§ **Work to complete**
Could you repeat the entries below exactly, but only from the line with "真壁2発目をかわして肩に担ぐとデスバレーボム(左写真)。" through the line with "本次团校开学典礼在全体成员的", and without any picture?

§ **Excerpted data**
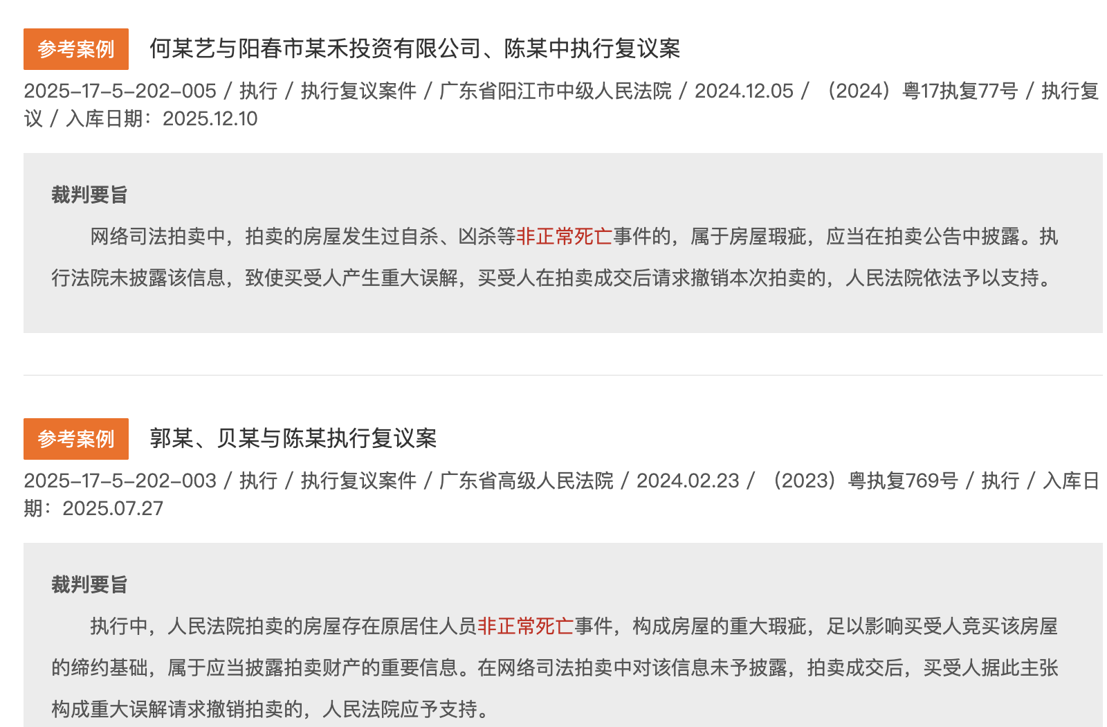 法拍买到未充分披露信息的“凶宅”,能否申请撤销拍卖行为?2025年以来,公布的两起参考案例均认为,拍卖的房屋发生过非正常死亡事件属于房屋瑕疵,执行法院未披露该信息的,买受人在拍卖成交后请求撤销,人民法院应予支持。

==

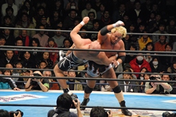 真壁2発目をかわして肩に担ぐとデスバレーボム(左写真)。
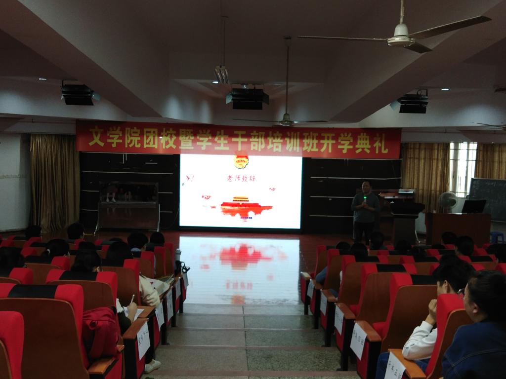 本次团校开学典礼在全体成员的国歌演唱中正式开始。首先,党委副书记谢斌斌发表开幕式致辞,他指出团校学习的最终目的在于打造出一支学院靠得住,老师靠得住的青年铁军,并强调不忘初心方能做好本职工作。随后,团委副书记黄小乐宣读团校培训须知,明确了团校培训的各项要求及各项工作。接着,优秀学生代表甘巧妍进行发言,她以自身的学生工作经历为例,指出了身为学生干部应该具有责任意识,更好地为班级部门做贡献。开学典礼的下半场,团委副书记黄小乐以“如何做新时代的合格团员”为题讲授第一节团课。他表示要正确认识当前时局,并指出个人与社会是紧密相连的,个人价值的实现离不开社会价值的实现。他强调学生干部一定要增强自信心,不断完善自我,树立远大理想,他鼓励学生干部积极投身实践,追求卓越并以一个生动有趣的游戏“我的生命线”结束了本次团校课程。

§ **Task output**
 真壁2発目をかわして肩に担ぐとデスバレーボム(左写真)。
 本次团校开学典礼在全体成员的国歌演唱中正式开始。首先,党委副书记谢斌斌发表开幕式致辞,他指出团校学习的最终目的在于打造出一支学院靠得住,老师靠得住的青年铁军,并强调不忘初心方能做好本职工作。随后,团委副书记黄小乐宣读团校培训须知,明确了团校培训的各项要求及各项工作。接着,优秀学生代表甘巧妍进行发言,她以自身的学生工作经历为例,指出了身为学生干部应该具有责任意识,更好地为班级部门做贡献。开学典礼的下半场,团委副书记黄小乐以“如何做新时代的合格团员”为题讲授第一节团课。他表示要正确认识当前时局,并指出个人与社会是紧密相连的,个人价值的实现离不开社会价值的实现。他强调学生干部一定要增强自信心,不断完善自我,树立远大理想,他鼓励学生干部积极投身实践,追求卓越并以一个生动有趣的游戏“我的生命线”结束了本次团校课程。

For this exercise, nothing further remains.